**Task instructions**. Set out exactly every line of the entries below, starting at the line that holds "Bougie LED sans" and stopping after the line that holds "Very comfortable upholstered".

**Source data**.

-*-

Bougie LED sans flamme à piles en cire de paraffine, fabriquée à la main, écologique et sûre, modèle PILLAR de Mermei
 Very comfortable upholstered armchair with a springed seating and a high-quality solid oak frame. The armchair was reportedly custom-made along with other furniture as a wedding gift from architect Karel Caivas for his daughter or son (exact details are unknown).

-*-

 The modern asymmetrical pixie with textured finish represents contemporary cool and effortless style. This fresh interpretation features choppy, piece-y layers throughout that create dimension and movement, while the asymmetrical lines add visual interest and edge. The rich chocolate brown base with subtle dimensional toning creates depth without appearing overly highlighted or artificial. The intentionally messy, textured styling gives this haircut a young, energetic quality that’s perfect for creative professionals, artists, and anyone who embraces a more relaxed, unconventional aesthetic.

-*-

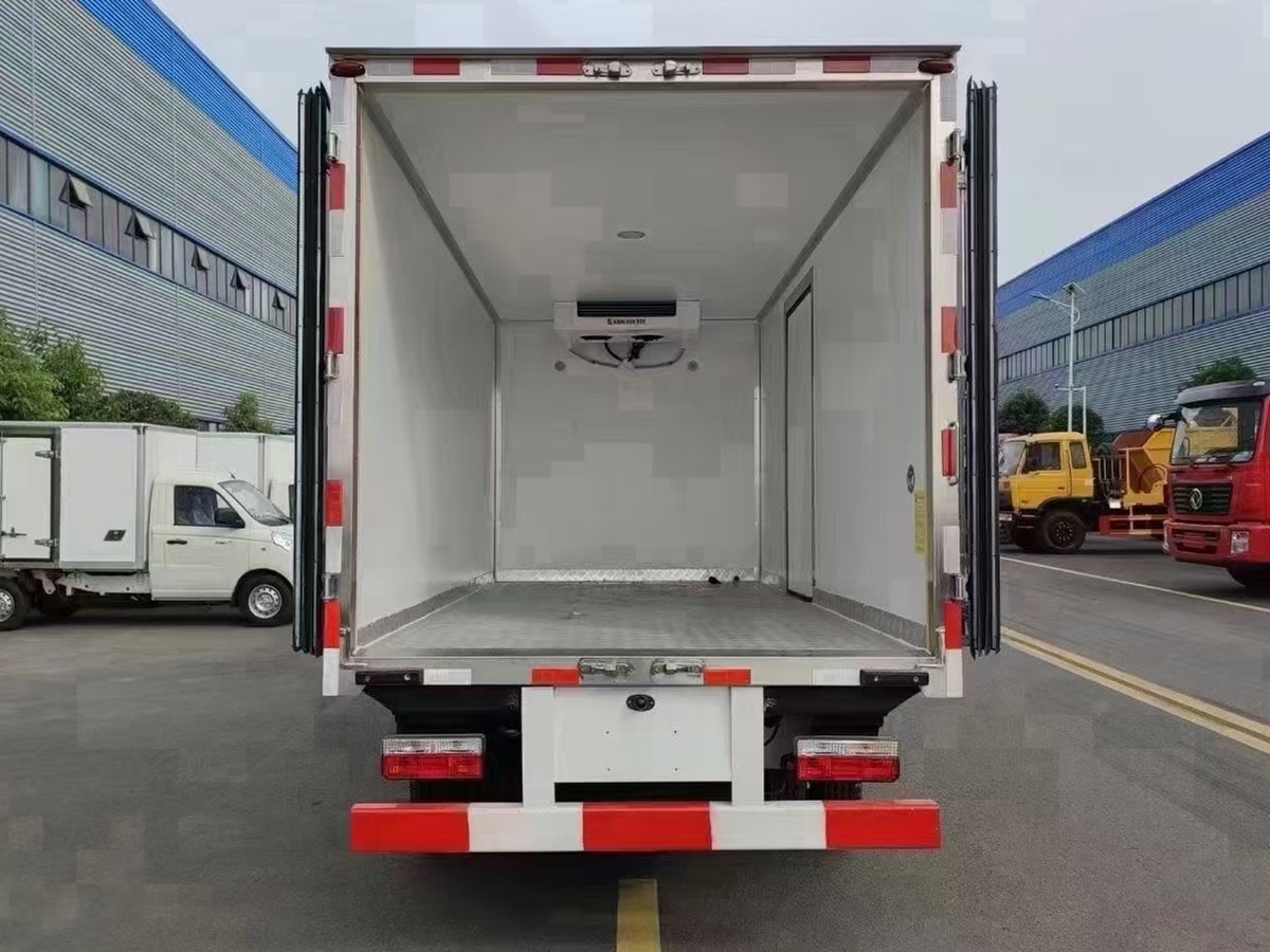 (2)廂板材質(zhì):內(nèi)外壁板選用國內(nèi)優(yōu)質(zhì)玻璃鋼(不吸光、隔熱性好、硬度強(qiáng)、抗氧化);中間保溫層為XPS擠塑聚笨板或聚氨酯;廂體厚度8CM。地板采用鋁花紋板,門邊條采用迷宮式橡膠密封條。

-*-

**Output for this task**.
Bougie LED sans flamme à piles en cire de paraffine, fabriquée à la main, écologique et sûre, modèle PILLAR de Mermei
 Very comfortable upholstered armchair with a springed seating and a high-quality solid oak frame. The armchair was reportedly custom-made along with other furniture as a wedding gift from architect Karel Caivas for his daughter or son (exact details are unknown).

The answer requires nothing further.